Records drawn from a dataset:
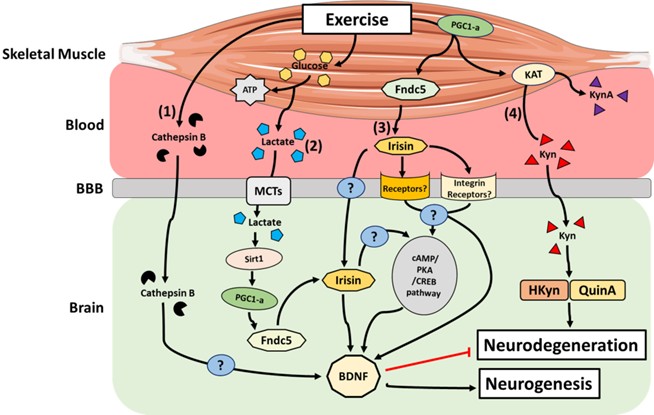 Figure 2. Main mechanisms by which active skeletal muscle can impact the brain. (1) Cathepsin B transcription is upregulated in brain and skeletal muscle, and its concentration increases in the blood in response to exercise. Cathepsin B is able to cross the BBB and may induce BDNF transcription in hippocampal neurons
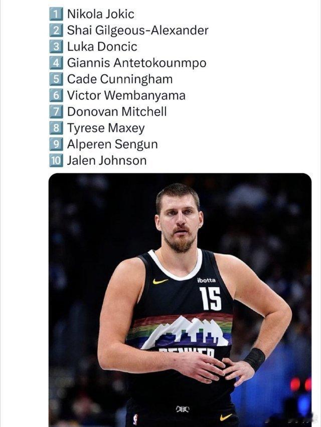 NBA官网最新MVP榜单⬇️1.约基奇2.亚历山大3.东契奇4.字母哥5.坎宁安
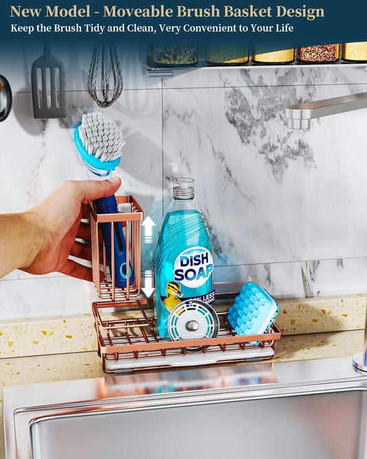 Consumest Sponge Holder for Kitchen Sink - Sink Caddy Kitchen Organizer with Removable Drip Tray for Countertop Dish Soap Dispenser Brush Storage Accessories 304 Stainless Steel, Rose Gold
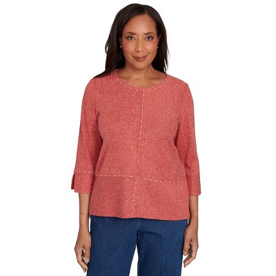 Alfred Dunner Womens Embellished Spliced Solid Top, Spice, Size S
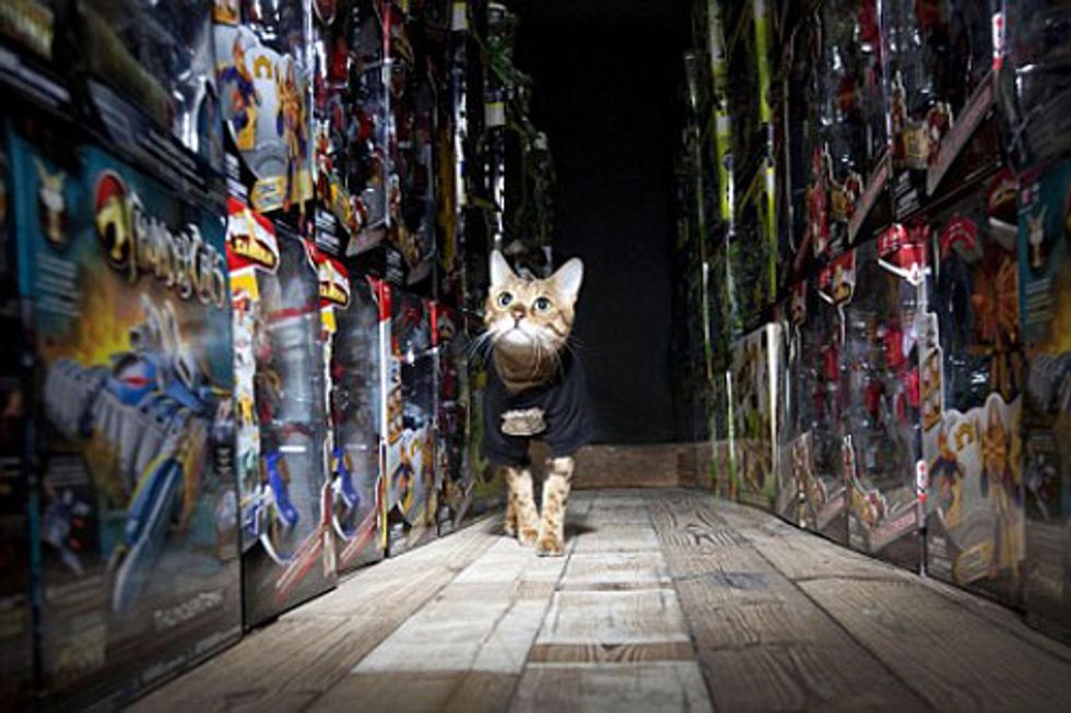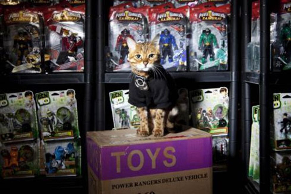 Millie the Bengal cat was found wandering in the aisles in a toy factory. The factory workers spotted him and thought he would be their purrfect security guard for their top selling toys.
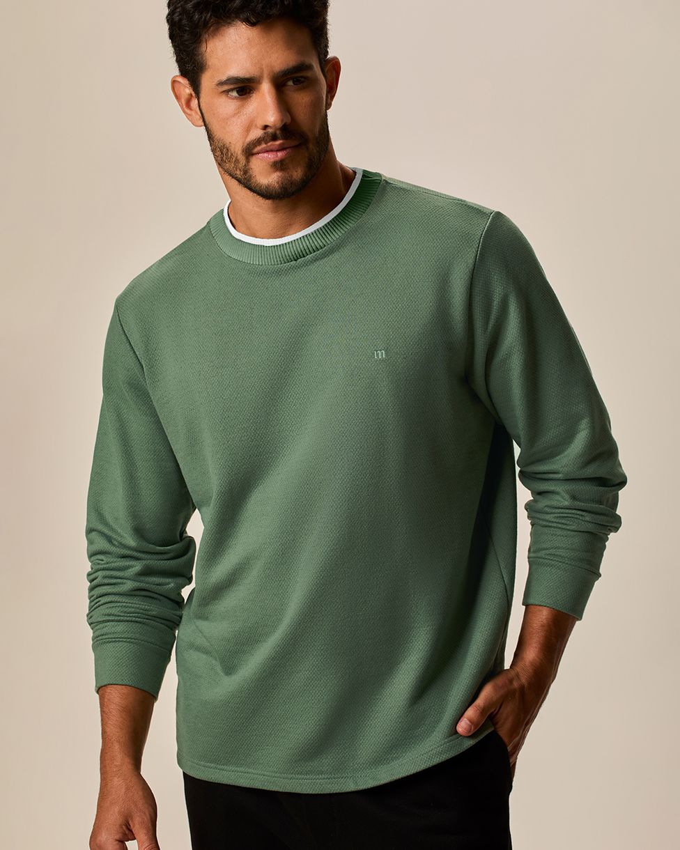 Blusão Masculino Gola Dupla Contraste Bordado Frontal Em Moletinho Texturizado Verde - P
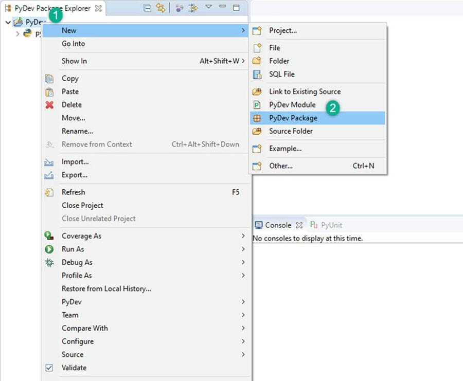 - 右键点击 PyDev 包资源管理器 > 新建。
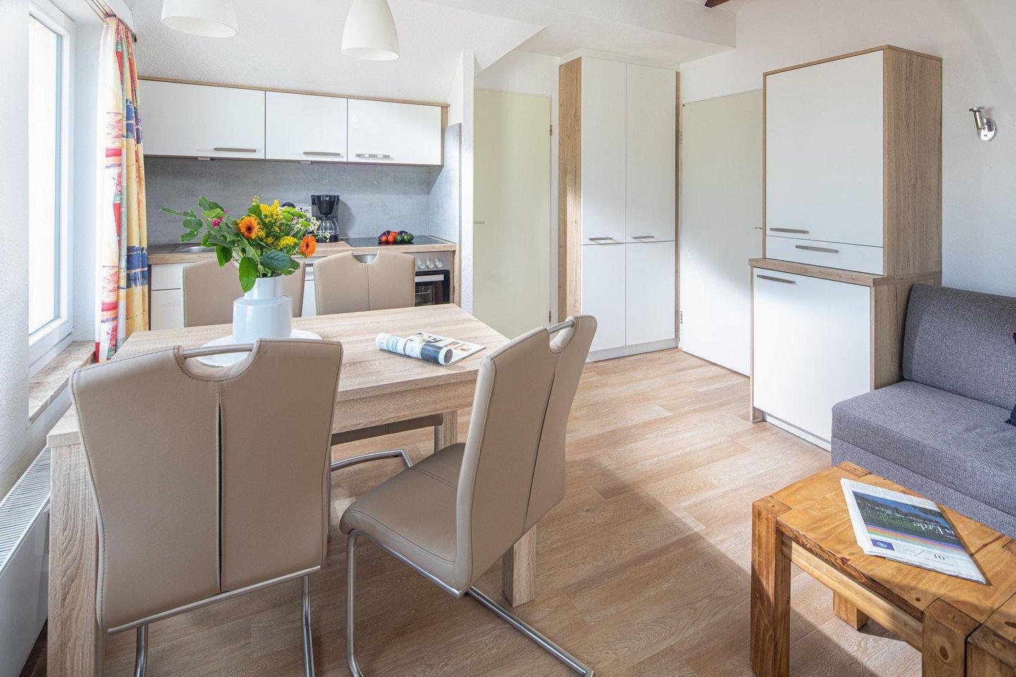 Diese Ferienwohnung umfasst ein Schlafzimmer mit einem Doppelbett. Das Wohnzimmer ist mit einer Schlafcouch für eine weitere Person ausgestattet. Die offene Küchenzeile ist voll ausgestattet. Das Badezimmer wurde mit einer Dusche ausgestattet. Ein Highlight dieser Wohnung ist die Dachterrasse. Hier darf auch der vierbeinige Freund mitkommen, denn die Ferienwohnung "Inselhus 10" heißt auch Hunde herzlich willkommen. Erlaubt ist maximal 1 Hund (Höhe maximal kniehoch). Die Hundewiese befindet sich in der Nähe des Fährhafens (kein Leinenzwang).

### DIRECTIONS
Every line of the data should be copied as it stands, without the images.

### OUTPUT OF THE EXERCISE
 Figure 2. Main mechanisms by which active skeletal muscle can impact the brain. (1) Cathepsin B transcription is upregulated in brain and skeletal muscle, and its concentration increases in the blood in response to exercise. Cathepsin B is able to cross the BBB and may induce BDNF transcription in hippocampal neurons
 NBA官网最新MVP榜单⬇️1.约基奇2.亚历山大3.东契奇4.字母哥5.坎宁安
 Consumest Sponge Holder for Kitchen Sink - Sink Caddy Kitchen Organizer with Removable Drip Tray for Countertop Dish Soap Dispenser Brush Storage Accessories 304 Stainless Steel, Rose Gold
 Alfred Dunner Womens Embellished Spliced Solid Top, Spice, Size S
 Millie the Bengal cat was found wandering in the aisles in a toy factory. The factory workers spotted him and thought he would be their purrfect security guard for their top selling toys.
 Blusão Masculino Gola Dupla Contraste Bordado Frontal Em Moletinho Texturizado Verde - P
 - 右键点击 PyDev 包资源管理器 > 新建。
 Diese Ferienwohnung umfasst ein Schlafzimmer mit einem Doppelbett. Das Wohnzimmer ist mit einer Schlafcouch für eine weitere Person ausgestattet. Die offene Küchenzeile ist voll ausgestattet. Das Badezimmer wurde mit einer Dusche ausgestattet. Ein Highlight dieser Wohnung ist die Dachterrasse. Hier darf auch der vierbeinige Freund mitkommen, denn die Ferienwohnung "Inselhus 10" heißt auch Hunde herzlich willkommen. Erlaubt ist maximal 1 Hund (Höhe maximal kniehoch). Die Hundewiese befindet sich in der Nähe des Fährhafens (kein Leinenzwang).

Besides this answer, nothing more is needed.